MINNEAPOLIS (Reuters) – Minneapolis Police Chief Medaria Arradondo could testify as soon as Monday in the murder trial of Derek Chauvin for the deadly arrest of George Floyd, where prosecutors say he will undermine the defense claim the former officer followed police training.
“This was murder — it wasn’t a lack of training,” Arradondo said last year in a statement on the video footage of Chauvin, who is white, kneeling on the neck of Floyd, a 46-year-old handcuffed Black man, for more than nine minutes.
Arradondo, who in 2017 became the first Black person to lead the city’s police force, fired Chauvin and three other officers who were involved the day after the incident. Floyd’s death sparked global protests against police brutality.
Chauvin has pleaded not guilty to murder and manslaughter charges, arguing that he did only what he was trained to do in his 19 years as a police officer.
Prosecutors from the Minnesota Attorney General’s Office hope Arradondo’s testimony will convince a jury otherwise.
“He will not mince any words,” Jerry Blackwell, one of the prosecutors, told the jury in his opening statement last Monday. “He’s very clear, he’ll be very decisive that this was excessive force.”
Police chiefs testifying against one of their own current or former police officers is unusual, even given how rarely officers face criminal prosecution, experts in police misconduct said.
“They need to have someone from the agency say how bad that is,” Geoffrey Alpert, a criminology expert at the University of South Carolina, said in a telephone interview of Chauvin’s kneeling on Floyd’s neck.

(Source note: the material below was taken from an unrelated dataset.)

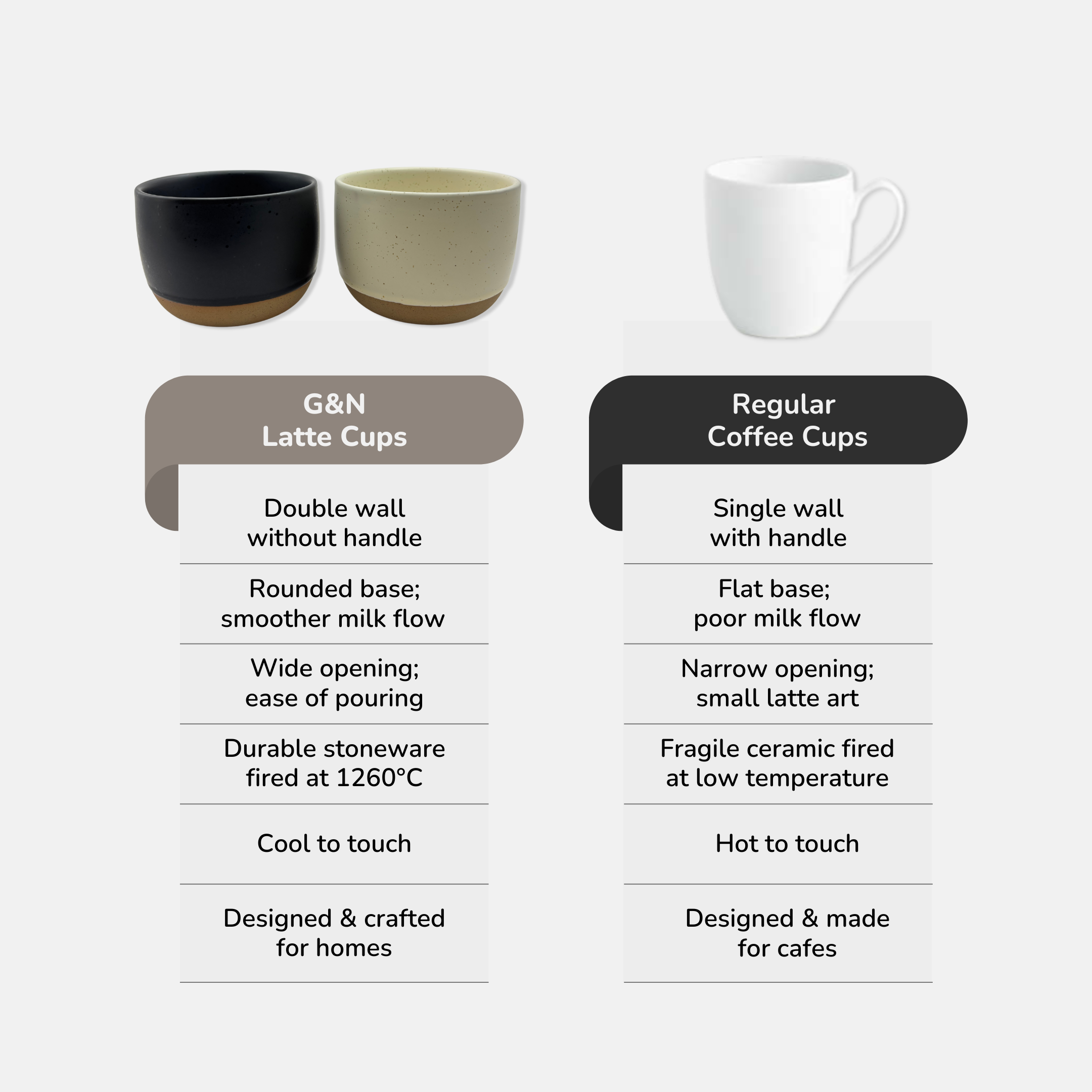 After several failed latte art attempts, we learnt that a rounded base cup is key as it allows milk to flow better, improving the appearance of latte art.

Philip Stinson, a criminal justice professor at Bowling Green State University, who tracks police prosecutions, said Arradondo may find himself facing an aggressive cross-examination by Chauvin’s lead lawyer, Eric Nelson.
“It may well be the city and the police department are trying to send a message to the community,” he said, “that we’re not tolerating police misconduct.”